INFORMATION SHOWN section start
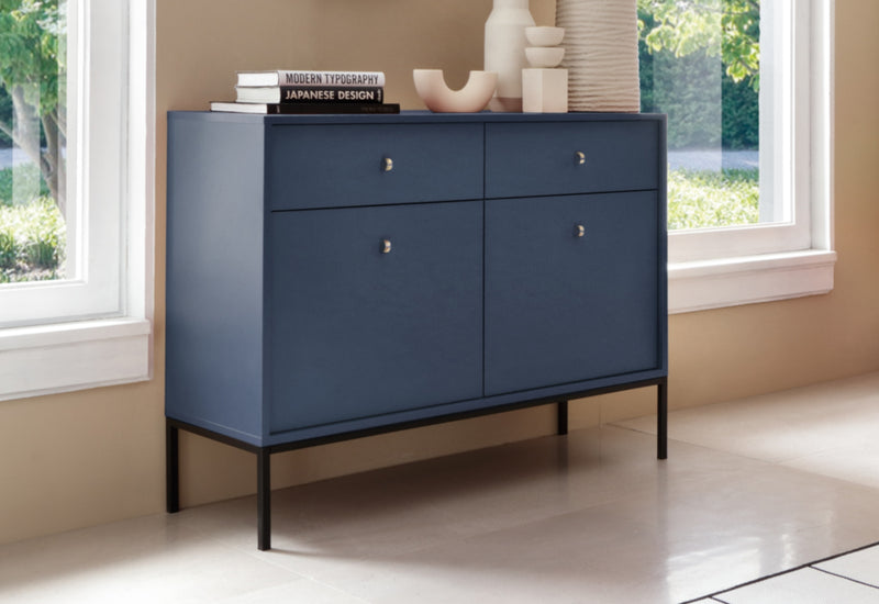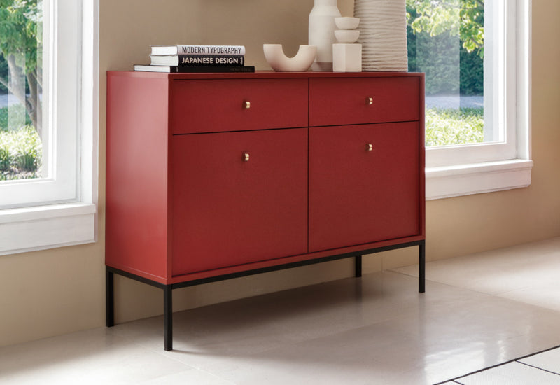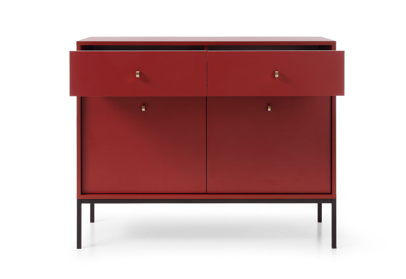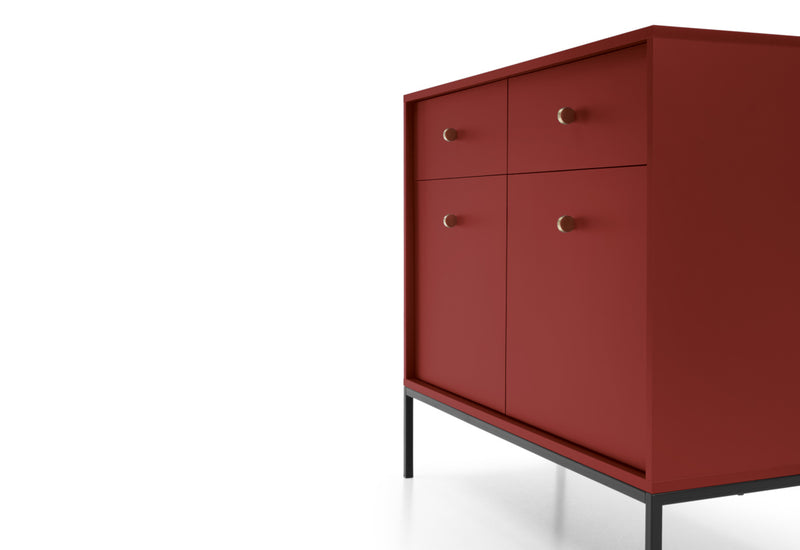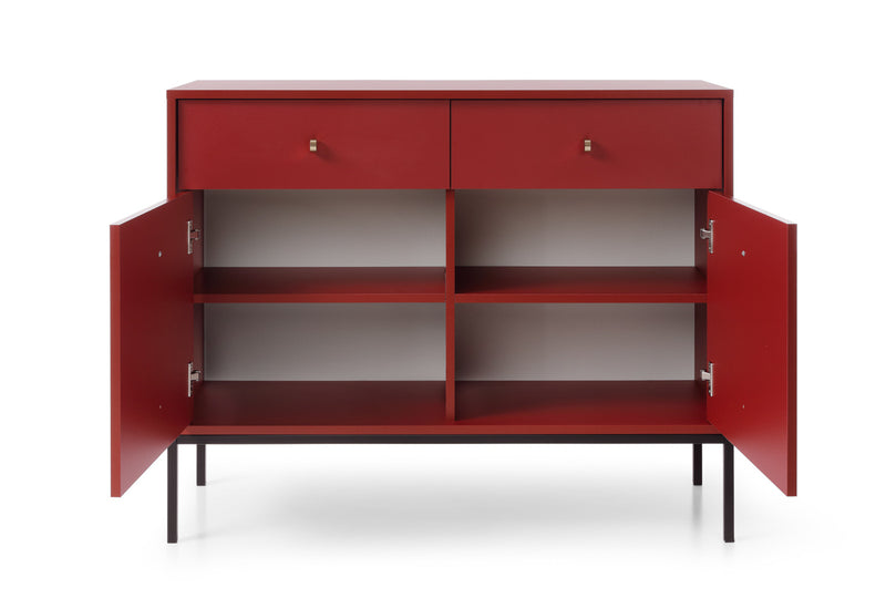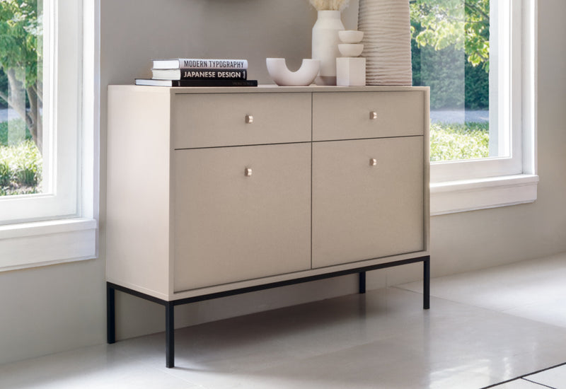 Komoda NANO. Moderná štýlová komoda je vyrobená z kvalitného materiálu v sile 1,6 cm s ABS hranami. Súčasťou komody je úložný priestor v podobe dvoch šuplíkov s dvoma skrinkami s uzatvárateľnými dvierkami, za ktorými sa nachádzajú dve poličky. Vybavená je zlatými úchytmi pre ľahšiu manipuláciu. Stojí na vysokých kovových nohách v čiernej farbe pre väčšiu stabilitu a vzdušnosť. Možnosť výberu z viacerých farebných prevedení. K dispozícii sú aj ďalšie produkty z rovnakého radu NANO.
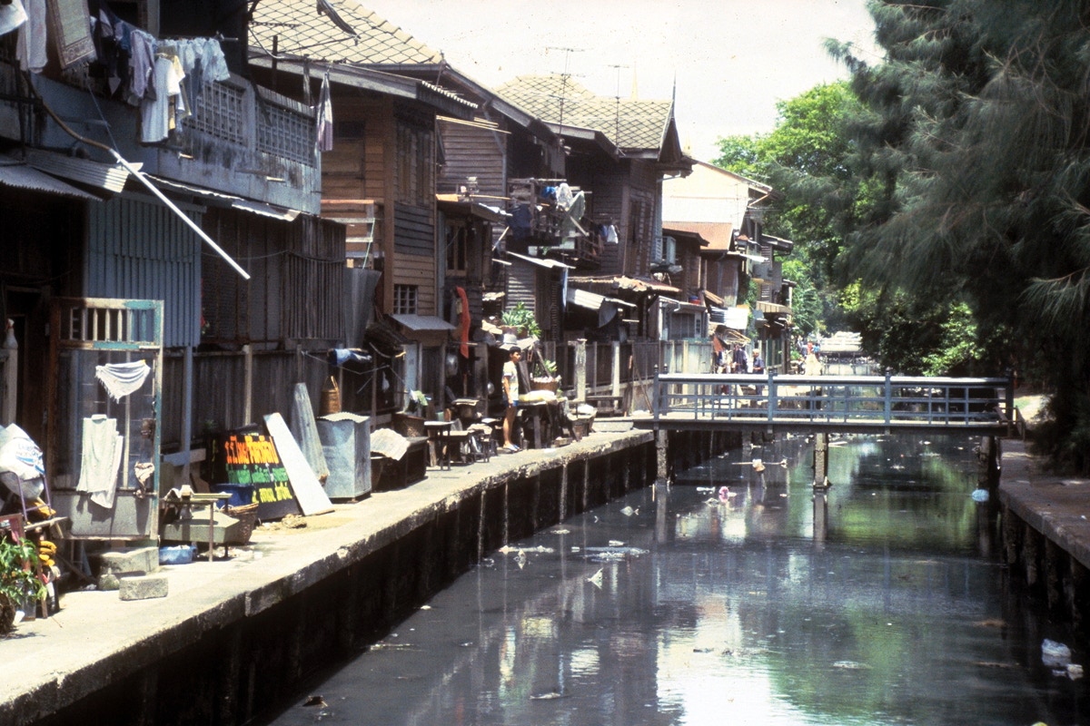 We spent today at a more leisurely pace exploring the poorer areas of Bangkok found along the city’s canals. In the morning, we travelled along the canals of Thonburi, seeing small timber houses built over the canals, experiencing the sights and smells of canal life. My students were amazed to see that despite the obvious filth of the water, only partly caused by its use for sewage disposal, local residents were using it for drinking, washing and bathing, and indeed one of Bangkok’s large ice works was using the canal water for its production. No further warnings were necessary from me as the study tour leader to avoid ice in drinks! This tour concluded at Wat Arun (Temple of Dawn), a 79 metre high Khmer-style ceramic covered temple beside the Chao Phraya, the largest river in central Thailand.
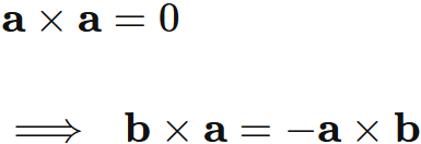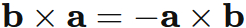 $\mathbf{a} \times \mathbf{a} = 0 \hspace{3mm} \Longrightarrow \hspace{3mm} \mathbf{b} \times \mathbf{a} = - \mathbf{a} \times \mathbf{b}$
INFORMATION SHOWN section end
EXERCISE PROMPT => Pass over the images and copy the rest of the material above exactly.

SOLUTION =>
 Komoda NANO. Moderná štýlová komoda je vyrobená z kvalitného materiálu v sile 1,6 cm s ABS hranami. Súčasťou komody je úložný priestor v podobe dvoch šuplíkov s dvoma skrinkami s uzatvárateľnými dvierkami, za ktorými sa nachádzajú dve poličky. Vybavená je zlatými úchytmi pre ľahšiu manipuláciu. Stojí na vysokých kovových nohách v čiernej farbe pre väčšiu stabilitu a vzdušnosť. Možnosť výberu z viacerých farebných prevedení. K dispozícii sú aj ďalšie produkty z rovnakého radu NANO.
 We spent today at a more leisurely pace exploring the poorer areas of Bangkok found along the city’s canals. In the morning, we travelled along the canals of Thonburi, seeing small timber houses built over the canals, experiencing the sights and smells of canal life. My students were amazed to see that despite the obvious filth of the water, only partly caused by its use for sewage disposal, local residents were using it for drinking, washing and bathing, and indeed one of Bangkok’s large ice works was using the canal water for its production. No further warnings were necessary from me as the study tour leader to avoid ice in drinks! This tour concluded at Wat Arun (Temple of Dawn), a 79 metre high Khmer-style ceramic covered temple beside the Chao Phraya, the largest river in central Thailand.
 $\mathbf{a} \times \mathbf{a} = 0 \hspace{3mm} \Longrightarrow \hspace{3mm} \mathbf{b} \times \mathbf{a} = - \mathbf{a} \times \mathbf{b}$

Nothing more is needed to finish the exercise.